Der Förster legte seinen Arm um seine Frau.

»Sorgen darfst Du Dich net, Lonerl. Der König hat g'sagt, daß sie am Abend wohlbehalten heimkommen. Da dürfen wir uns scho' fest d'rauf verlassen!« sagte er ruhig. Aber ein wenig beklommen war den Eltern doch zumute. – –

Burgerl und Sepperl saßen inzwischen steif und unbeweglich im Wagen. Burgerls Füßchen wollten zuweilen einen Tanz aufführen, aber dann klapperten die schweren Schuhe laut an den Wagensitz und schnell hielt sie wieder still.

Nur flüsternd tauschten die beiden Kinder ihre Vermutungen aus, denn auch in diesem Wagen umgab sie schon Hofluft. Und wer nicht gewohnt ist, diese zu atmen, dem legt sie sich beklemmend auf die Brust.
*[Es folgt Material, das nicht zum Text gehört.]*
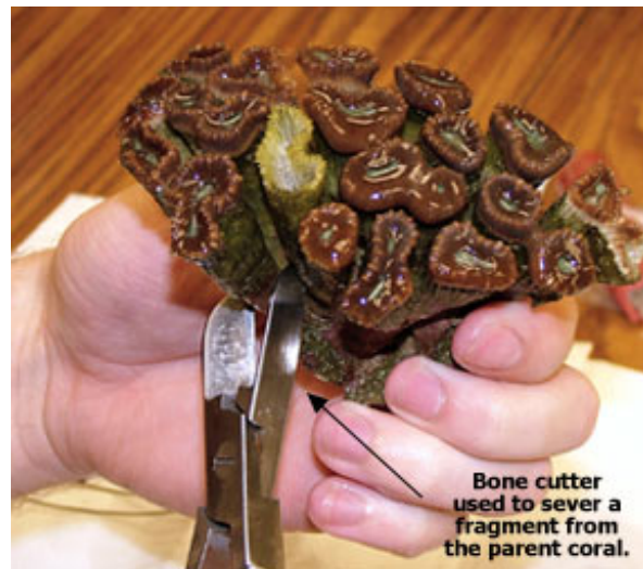
Bone cutter used to sever a fragment from the parent coral.

As reef aquariums gain popularity, the amount of knowledge regarding the husbandry of corals steadily increases, developing better and more successful techniques. However, understanding and replicating conditions that induce coral spawning is still an elusive aspect of coral care. It is still uncommon for corals to spawn in the home reef aquarium. Luckily, corals employ more than one reproductive strategy to propagate. Though sexual reproduction is yet uncommon, asexual reproduction is extremely common in a well-maintained home reef aquarium.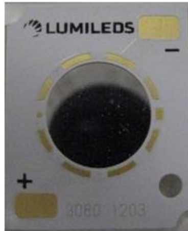
After ( UV laser)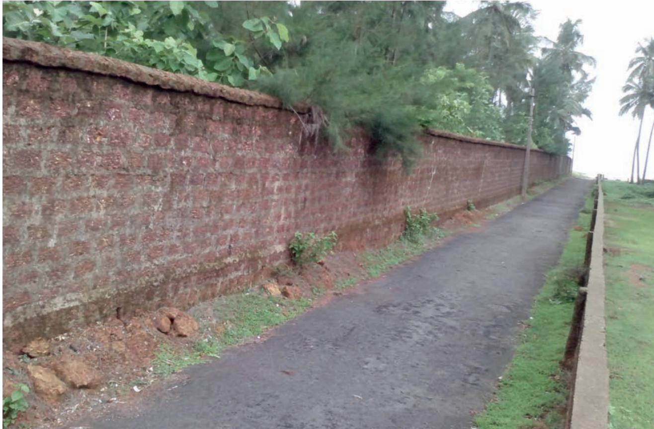
Nayak Hospitalities compound area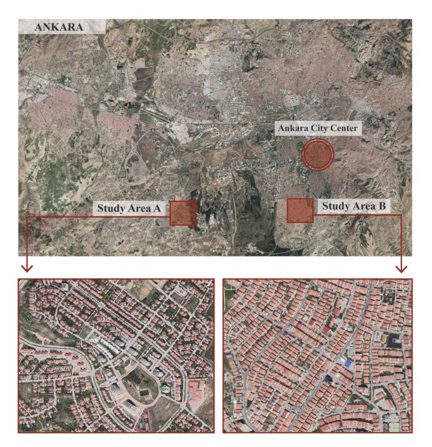
Figure 1. Study Area A and Study Area B from Ankara, Turkey

questionnaire was designed to gather information on the residents' perceptions on the adequacy and function of outdoor spaces for social interaction and filled out by a total of 120 volunteer residents: 60 from Study Area A and 60 from Study Area B. All of these data were collected from volunteer residents in the apartment blocks that were surrounded by open spaces. Further, face-to-face in-depth interviews were conducted with 30 residents who coincided with the place-making activity during the observations made in the study areas. The questions asked in this section are open-ended, based on understanding the purpose of use of outdoor spaces in the pandemic process and their contribution to social integration, as well as to identify problems and suggestions regarding these recent potential areas.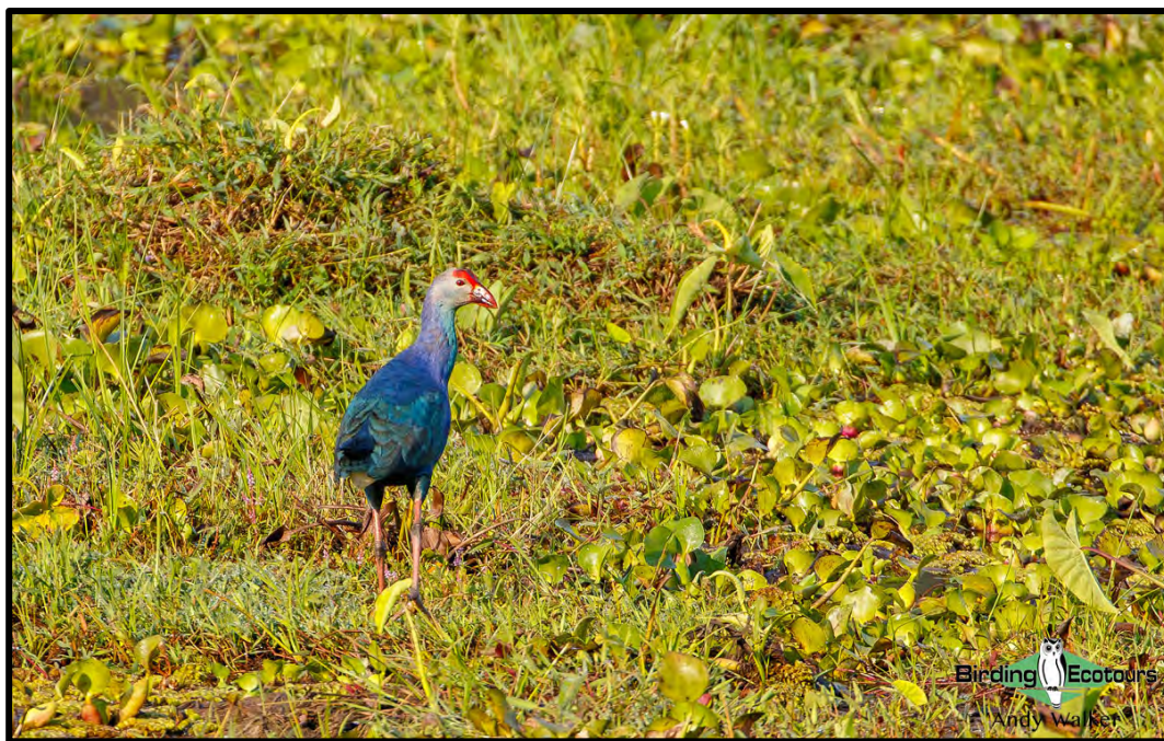
The huge and colorful Grey-headed Swamphen is another range-restricted species in the Western Palearctic, since being split from Western Swamphen, which we see in Spain .

Wallcreeper and Bearded Reedling (Tit), both monotypic families are also possible on this tour. These interesting and rare species are the real attraction of birding in Azerbaijan in winter. However, we will also come across a wide range of more common wildfowl, shorebirds (waders), birds of prey, and passerines that spend the winter in this fascinating part of the world. We will also look for a range of mammals with Goitered Gazelle , Red Fox , (European) Grey Wolf , Small Five-toed Jerboa , and Jungle Cat all being possible.

Aber schön fanden sie diese schnelle Fahrt durch den hellen Sommermorgen doch über die Maßen. Wenn Sepperl immer wieder seiner Befürchtung Worte gab, daß diese Fahrt ins Schloß etwas Uebles bedeuten könne, dann tröstete ihn Burgerl zuversichtlich:

»Wirst schon sehen, Sepperl, dös is von dem lieben, guten Herrn aus'gangen, der neulich bei uns im Giebelstüberl g'schlafen hat. Er hat es mir gar fest versprochen, daß i den Herrn König anschaun soll. Und was so ein fürnehmer Herr verspricht, dös halt er auch g'wiß. I hab' kein bisserl Angst und tu mich nur freuen!«

Sepperl hatte aber alle Mannhaftigkeit eingebüßt und war gar nicht zuversichtlich, daß dieser herrlichen Fahrt noch weitere Genüsse folgen würden. Er dachte wohl bei sich, daß mit großen Herren nicht gut Kirschen essen ist.

So schnell die Fahrt auch ging, dünkte sie den Kindern doch eine Ewigkeit. Aber endlich sahen sie das Schloß vor sich liegen, und sich fest bei den Händen fassend, schauten sie aus den Wagenfenstern zu dem stolzen Gebäude empor.